Experienced beekeepers tend to have more than one beehive often with more than one honey super. Extracting honey from all of these frames by hand can be quite daunting if you don’t have someone to help you.
The one directional handle on the hand crank is a major oversight on the part of the designer. The hand crank should allow you to reverse direction while spinning which will be faster and yield better results. Being able to hold a few more frames will also be a vast improvement.
How to Use the Brushy Mountain Honey Extractor
To use the extractor, the beekeeper must first harvest the frames filled with honey from his honey supers. Then he/she must unseal the honeycomb. There are many different ways to open the honey comb. One way is to take a hive bush and scrape the wax off the top of the comb. Another way is to cut the tops off with an ordinary household knife or a spatula. There is also a special electric knife you can use which heats up so you can slice cleanly through the honey comb.
The opened combs are then placed in the basket inside of the extractor. The basket can accommodate either 2 deep frames, 4 shallow frames or 4 medium frames with each extraction.

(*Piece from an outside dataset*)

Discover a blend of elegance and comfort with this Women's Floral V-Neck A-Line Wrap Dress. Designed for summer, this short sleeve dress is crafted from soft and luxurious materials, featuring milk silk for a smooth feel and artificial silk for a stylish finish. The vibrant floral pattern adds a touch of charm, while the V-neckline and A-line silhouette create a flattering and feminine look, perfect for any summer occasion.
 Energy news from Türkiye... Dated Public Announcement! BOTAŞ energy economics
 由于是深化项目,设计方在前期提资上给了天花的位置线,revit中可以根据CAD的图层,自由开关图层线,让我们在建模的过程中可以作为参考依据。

The beekeeper then closes the extractor and places a bucket or any other container beneath the gate on the bottom of the tank. The gate is opened and the beekeeper turns the hand crank. The hand crank is spring loaded to ensure that you don’t hurt your hands if the handle gets away from you while you’re turning it. This in turn causes the basket to spin and the honey is pulled from the frames into the tank. It then flows through the get into the container below which should contain a strainer. The strainer ensues that any small pieces of wax that get drained from the tank into the honey is filtered out.

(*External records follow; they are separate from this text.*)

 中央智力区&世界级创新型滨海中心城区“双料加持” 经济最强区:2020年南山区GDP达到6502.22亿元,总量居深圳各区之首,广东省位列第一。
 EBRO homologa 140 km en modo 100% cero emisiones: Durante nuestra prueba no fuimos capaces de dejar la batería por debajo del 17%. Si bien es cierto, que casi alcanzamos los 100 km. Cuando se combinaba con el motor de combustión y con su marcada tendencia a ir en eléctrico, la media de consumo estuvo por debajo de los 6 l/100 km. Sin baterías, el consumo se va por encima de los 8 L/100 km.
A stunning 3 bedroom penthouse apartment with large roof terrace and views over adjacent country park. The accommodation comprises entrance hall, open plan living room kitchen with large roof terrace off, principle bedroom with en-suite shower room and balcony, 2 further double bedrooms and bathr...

It is recommended that you spin the basket a few times then turn the frames the other way and spin the basket again. This will ensure that every drop of honey is extracted from the frames. Some other automatic extractors spin clockwise and then the beekeeper can flip a switch to make the extractor spin anticlockwise to make sure that the frames are all clear of honey. Unfortunately, you’ll have to do it the long way with the Brushy Mountain Bee Farm Compact Honey Extractor.
The process is repeated until all the honey is extracted from every frame the beekeeper has harvested. The honey is then left to sit for up to forty eight hours to settle. During this time any pieces of wax that were not caught in the strainer will sink to the bottom of the container. The honey can be safely bottled at this point.
The Brushy Mountain Honey Extractor is a great extractor for a novice beekeeper or for someone without a lot of beehives. It has many wonderful qualities like being both easy to use and easy to maintain but the fact that it runs on man power is both an asset and a deterrent to the experienced beekeeper.